As a leading CRO, BOC Sciences is focused on the development of PROTAC technology. Based on our comprehensive platform and experienced expert team, we are committed to developing innovative alternative PROTACs that provide research tools and solutions for targeted protein degradation.
The light-controllable PROTAC combines the concept of proteolysis targeting chimeric (PROTAC) and photochemistry that is called photopharmacology, which is an emerging field that uses light to precisely control drug activity in spatial and temporal resolution. PROTAC is a promising technology to target intracellular proteins including undruggable proteins targets for degradation. A PROTAC molecule is composed of three essential components as follows: a target protein binding ligand, a ligand of the E3 ligase, and a suitable linker that ensures the correct orientation of and the distance between the two ligands.
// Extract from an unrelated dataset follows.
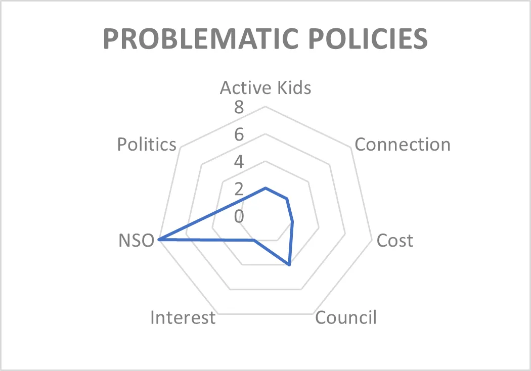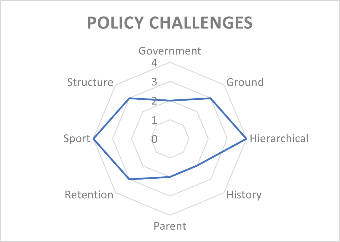 41], the complex policy situation presents barriers to that aim. There are numerous concerns for community sport, including scant resources, decreasing participation levels, fluctuations in volunteer numbers, difficulties with diversity, challenges with inclusion, variations in skills desirable for managing CSCs, and problematic policy matters [

The first generation of PROTAC molecules were peptide-based, and their poor cell permeability and stability limited their use in medicine. With technological developments, second generation PROTAC molecules have been developed for the successful degradation of various proteins. In recent years, a third generation PROTAC with targeting delivery characteristic has been proposed. The light-controllable PROTAC is a one of the efficient strategies that can be activated by an extraneous cellular signaling (light) to achieve the spatiotemporal control of protein degradation, which should reduce toxicity, improve selectivity, and eliminate off-target effects.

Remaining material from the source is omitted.